Al pasar por delante de un quiosco de prensa cerrado, se me ocurrió una idea.

—¿Y si publico un anuncio y busco a todos los que en su día huyeron en el Rosa del Viento? ¡Puede que también ella conteste!

—Es posible que no sea mala idea. Así, quizá descubrirías también si el capitán transportó a muchas más personas en su barco. Por si él ya no se acordara, o nunca llegara a conocer sus nombres, lo cual sería lógico por motivos de seguridad.

Sus palabras hicieron que mi imaginación me presentara una lista entera de pasajeros. ¡Algo así causaría sensación! Desde luego, habría que ser muy cauteloso al utilizarlo como reclamo publicitario, porque, de estar yo en el lugar de esas personas, no querría que nadie sacara provecho de mi vida. Pero, de todas formas, resultaría muy interesante descubrir qué historias se habían vivido en el Rosa del Viento.

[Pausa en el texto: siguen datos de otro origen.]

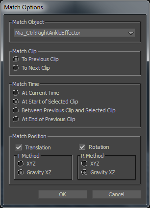 In the following procedure, you match and blend the two clips to remove the jump in the animation.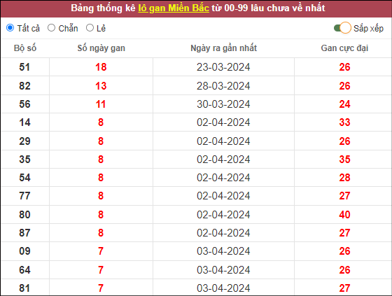 ⭐️ Lô gan MB lâu ra nhất: 51 – 82 – 56 – 14 – 29
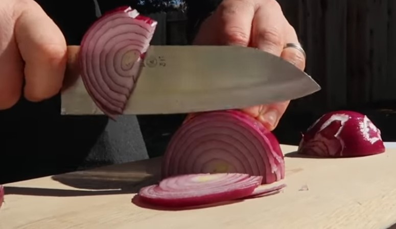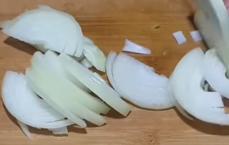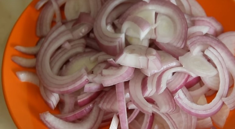 2. Цибулю необхідно почистити і нарізати великими півкільцями.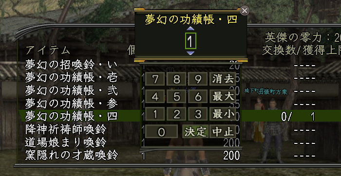 まずは忘れないうちに〝英傑の零力〟で〝夢幻の功績帳・四〟を交換
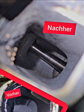 Anschließend wird der Einlasskanal inkl. Einlassventile mittels "Walnussschalen-Granulat" abgestrahlt um die vorhandenen Ablagerungen zu lösen.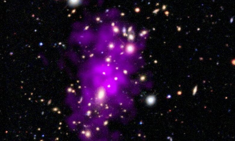 The object was first discovered on December 31, 2020. But the new image combines data from NASA’s Chandra X-ray Observatory—which sees the superheated gas of the merging clusters as purple bubbles—and a collection of ground-based optical telescopes that contribute the starry background.

—Muy bien, pues pondré un anuncio en cuanto vuelva. —Le sonreí, pero entonces me di cuenta de que él miraba el agua, pensativo—. ¿Va todo bien? —pregunté.

Asintió, distraído.

—Sí… Sí, va todo bien. Solo estaba pensando.

—¿En qué?

Sacudió la cabeza.

—No es nada importante. Me parece que deberíamos regresar, mañana tengo que levantarme bastante temprano, y tú…

—Mañana estaremos en casa de mis padres —expliqué, e intenté que no notara mi decepción.

Cada vez que estábamos a punto de intimar un poco más, se perdía en sus pensamientos y se encerraba en sí mismo. ¿Por qué?

Regresamos al aparcamiento en silencio y subimos a su coche. Dentro de mí hervían todas las preguntas que me habría gustado hacerle, pero no me atrevía a pronunciarlas en voz alta porque tenía miedo de chocar contra su muro de silencio o de sumirlo en la tristeza.

Mientras íbamos en coche hacia Altona, contemplé la vida de la calle.

Cuántas personas y cuántas luces… Cuántos destinos desconocidos. A saber cuántas historias se desarrollaban allí. Tal vez pasábamos en ese instante por delante de personas que, veinticinco años antes, lo habían arriesgado todo por huir hacia la libertad. O de personas a quienes el cambio de vida seguía haciéndoles daño.

Por fin llegamos a la casa de mis padres.

El silencio empezaba a pesarme. Aun así, me obligué a sonreír.

—Ha sido una noche muy agradable —dije—, muchas gracias.

—Gracias a ti —repuso Christian, y me miró.

Yo correspondí su mirada y me sentí algo extraña. Desconcertada. Un momento como ese habría sido el adecuado para besarse, pero no sabía lo que debía hacer. Después de que nuestra conversación junto al Alster hubiese tomado un rumbo tan extraño, no me atreví a acercarme a él.

Y fue la decisión adecuada, porque, al fin y al cabo él no parecía estar interesado.

—Entonces, nos veremos en Binz, ¿verdad? —le pregunté cuando volvía a enderezarse en el asiento.

Una breve sonrisa cruzó su rostro.

—Nos veremos en Binz.

Yo sonreí también, bajé y cerré la puerta del coche. Cuando llegué al portal de casa, me volví para ver cómo se alejaba por la calle y, muy dentro de mí, sentí el eco desabrido de una oportunidad perdida.